- [Information supplied]:

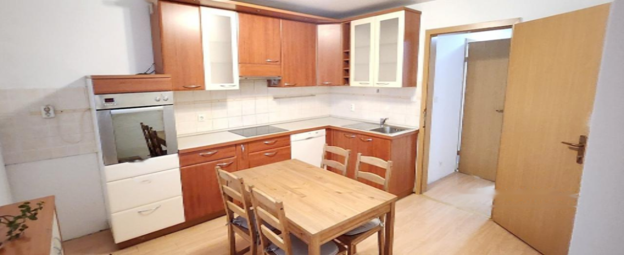 Предлагается к продаже полностью обновлённая трёхкомнатная квартира в реконструированном доме на четыре квартиры в районе Кодельево, Любляна. Квартира расположена в полуподвальной части здания. Несмотря на уровень, пространство светлое благодаря западной ориентации и наличию просторной террасы площадью 19 м², к которой есть доступ из гостиной или спальни.
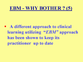5. A different approach to clinical learning (using an Evidence-Based approach) has been shown to keep its practitioner up-to-date. This was exemplified when a graduate of a medical school that adopt a problem-based learning and evidence based approach to teaching is compared to a graduate of more traditional medical schools. Continued in next slide…
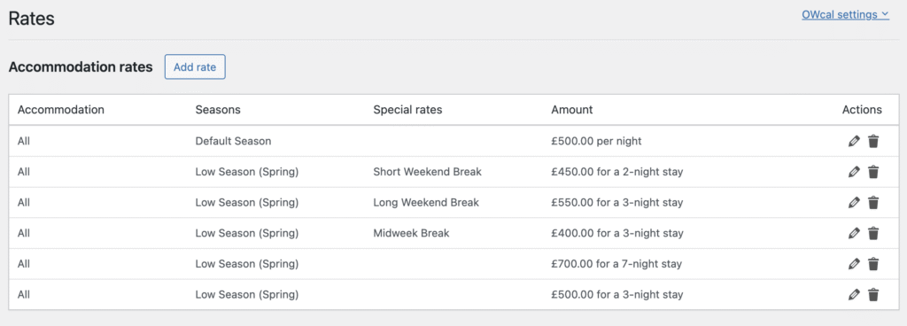 The example below has 5 different Rates for the Season ‘Low Season (Spring)’
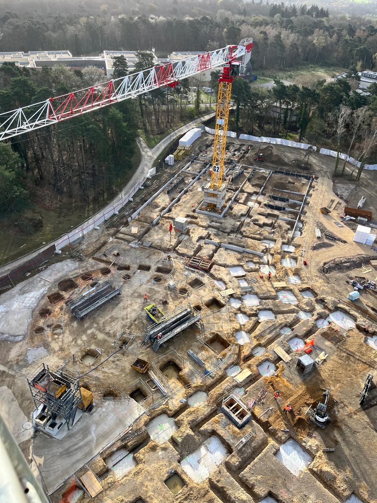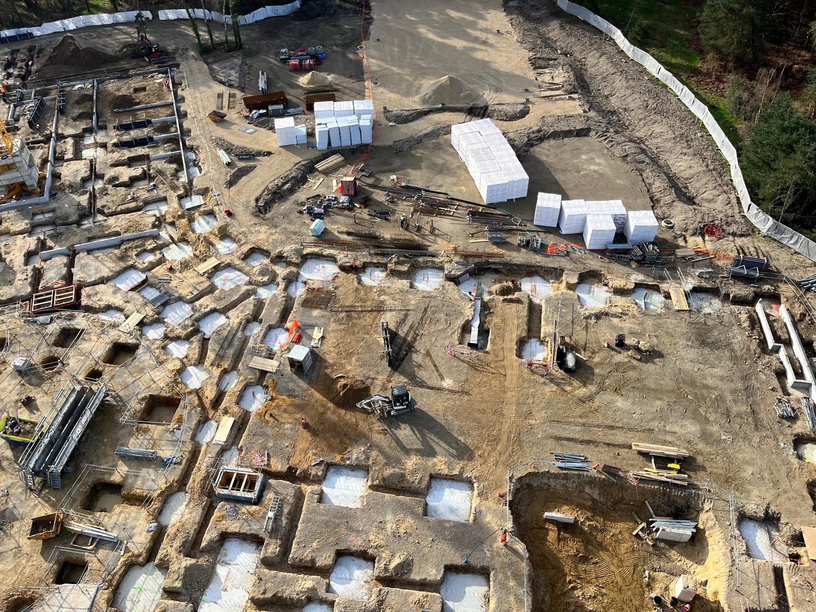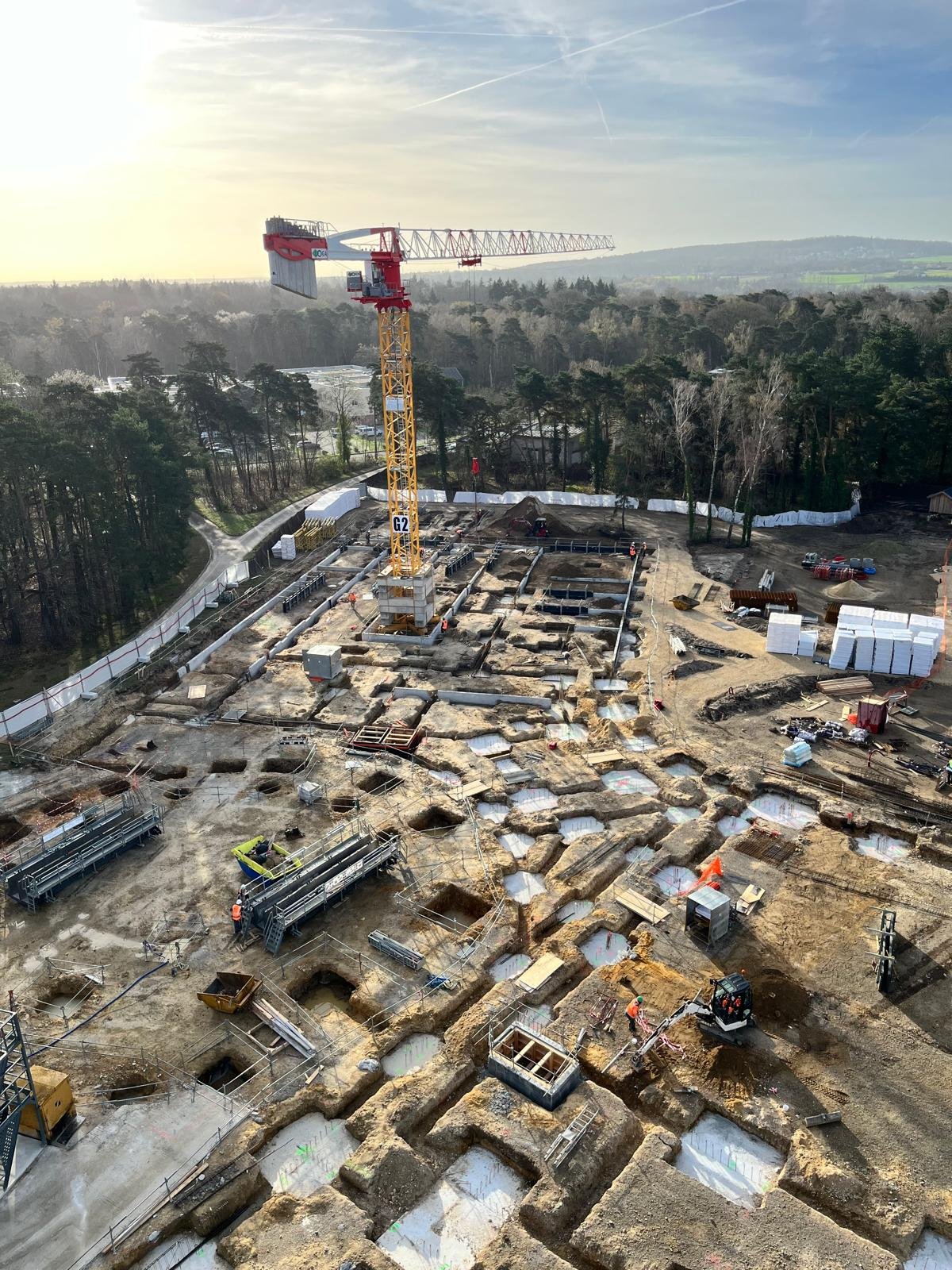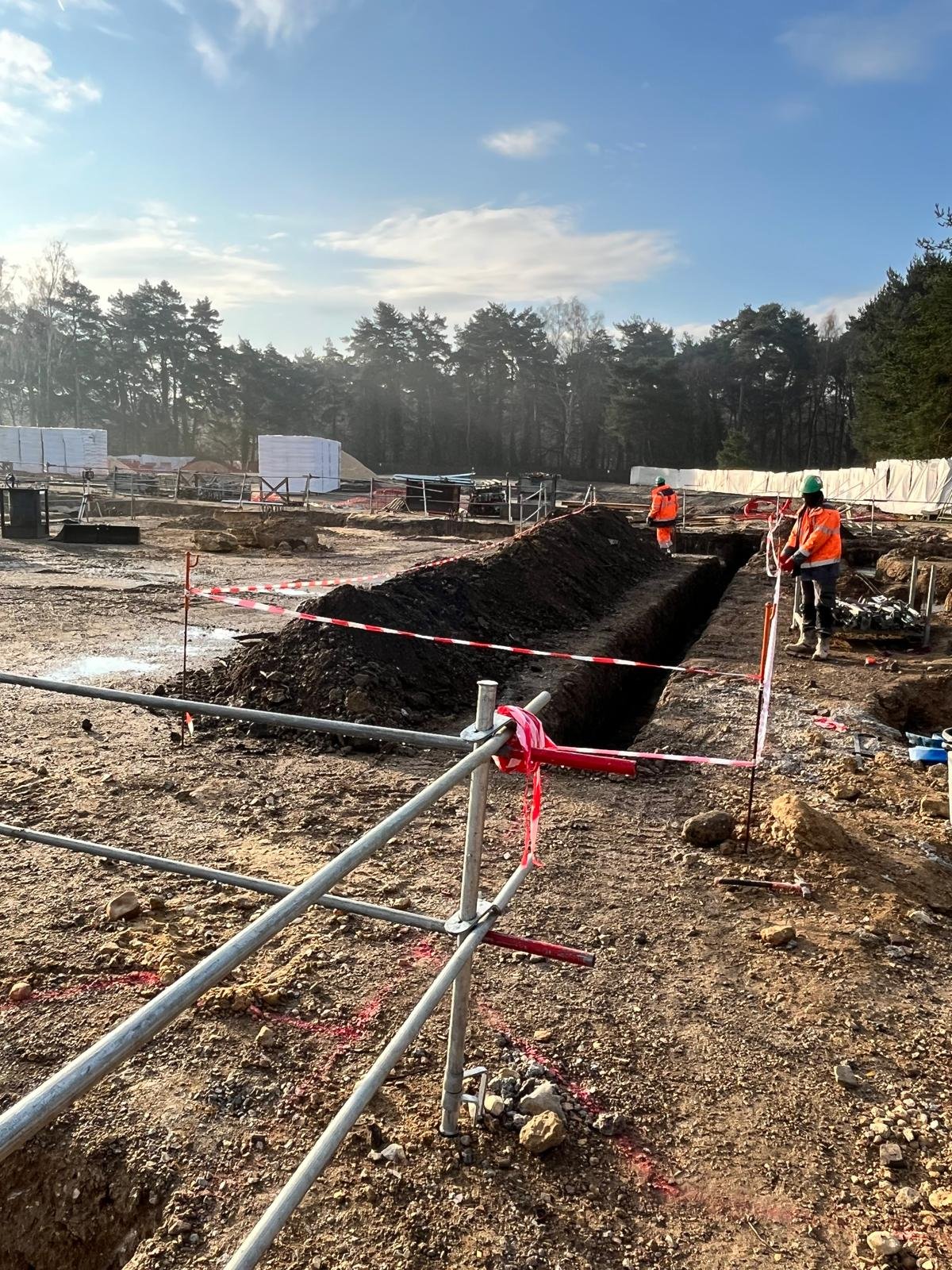 Les fondations donnent à voir la future emprise du bâtiment. Des affinements d’agencements écologiques ont complété les abords du chantier.

- [Task prompt]:
Please give back the material above exactly as written, pictures omitted.

- [Problem solution]:
 Предлагается к продаже полностью обновлённая трёхкомнатная квартира в реконструированном доме на четыре квартиры в районе Кодельево, Любляна. Квартира расположена в полуподвальной части здания. Несмотря на уровень, пространство светлое благодаря западной ориентации и наличию просторной террасы площадью 19 м², к которой есть доступ из гостиной или спальни.
5. A different approach to clinical learning (using an Evidence-Based approach) has been shown to keep its practitioner up-to-date. This was exemplified when a graduate of a medical school that adopt a problem-based learning and evidence based approach to teaching is compared to a graduate of more traditional medical schools. Continued in next slide…
 The example below has 5 different Rates for the Season ‘Low Season (Spring)’
 Les fondations donnent à voir la future emprise du bâtiment. Des affinements d’agencements écologiques ont complété les abords du chantier.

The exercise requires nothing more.